虽然在数据准备过程中对属性进行了初步处理,但是引入的属性太多,而且这些属性之间存在重复的信息。为了保留重要的属性,建立精确、简单的模型,需要对原始属性进一步筛选与构造。

  1. 设备数据

在数据探索过程中发现,不同设备的无功功率、总无功功率、有功功率、总有功功率、功率因数和总功率因数差别很大,具有较高的区分度,故本案例选择无功功率、总无功功率、有功功率、总有功功率、功率因数和总功率因数作为设备数据的属性构建判别属性库。

处理好缺失值后,每个设备的数据都由一张表变为了多张表,所以需要将相同类型的数据表合并到一张表中,如将所有设备的设备数据表合并到一张表当中。同时,因为缺失值处理的其中一种方式是使用前一个值进行插补,所以产生了相同的记录,需要对重复出现的记录进行处理,处理后生成的数据表如表1所示。

表1 合并且去重后的设备数据

time

IC

UC

PC

QC

PFC

P

Q

PF

label

2018/1/27 17:11

33

2212

10

65

137

10

65

137

0

2018/1/27 17:11

33

2212

10

66

143

10

66

143

0

2018/1/27 17:11

33

2213

10

65

143

10

65

143

0

2018/1/27 17:11

33

2211

10

66

135

10

66

135

0

2018/1/27 17:11

33

2211

10

66

141

10

66

141

0

……

……

……

……

……

……

……

……

……

……

合并且去重设备数据如代码清单4所示。

代码清单4 合并且去重设备数据

import glob

import pandas as pd

import os

 

# 合并11个设备数据及处理合并中重复的数据

def combined_equipment(csv_name):

    # 合并

    print('共发现%s个CSV文件' % len(glob.glob(csv_name)))

    print('正在处理............')

    for i in glob.glob(csv_name):  # 循环读取同文件夹下的CSV文件

        fr = open(i, 'rb').read()

        file_path = os.path.split(i)

        with open(file_path[0] + '/device_combine.csv', 'ab') as f:

            f.write(fr)

    print('合并完毕!')

    # 去重

    df = pd.read_csv(file_path[0] + '/device_combine.csv', header=None, encoding='utf-8')

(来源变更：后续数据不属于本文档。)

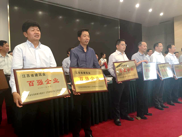 6月13日,江蘇省建筑業(yè)“走出去”工作會(huì)議暨2015年度“百?gòu)?qiáng)企業(yè)”發(fā)布會(huì)在寧召開(kāi),江蘇華建位列百?gòu)?qiáng)企業(yè)綜合實(shí)力第3名,創(chuàng)近年省內(nèi)排名最好位次。公司董事長(zhǎng)陸金龍出席會(huì)議,江蘇省副省長(zhǎng)張雷為陸董事長(zhǎng)授牌。

    datalist = df.drop_duplicates()

    datalist.to_csv(file_path[0] + '/device_combine.csv', index=False, header=0)

    print('去重完成')

 

csv_list = ['../tmp/附件1/*设备数据1.csv', '../tmp/附件2/*设备数据1.csv']

combined_equipment(csv_list[0])  # 处理训练数据

combined_equipment(csv_list[1])  # 处理测试数据

  1. 周波数据

在数据探索过程中发现,周波数据中的电流随着时间的变化有较大的起伏,不同设备的周波数据中的电流绘制出来的折线图的起伏不尽相同,具有明显的差异,故本案例选择波峰和波谷作为周波数据的属性构建判别属性库。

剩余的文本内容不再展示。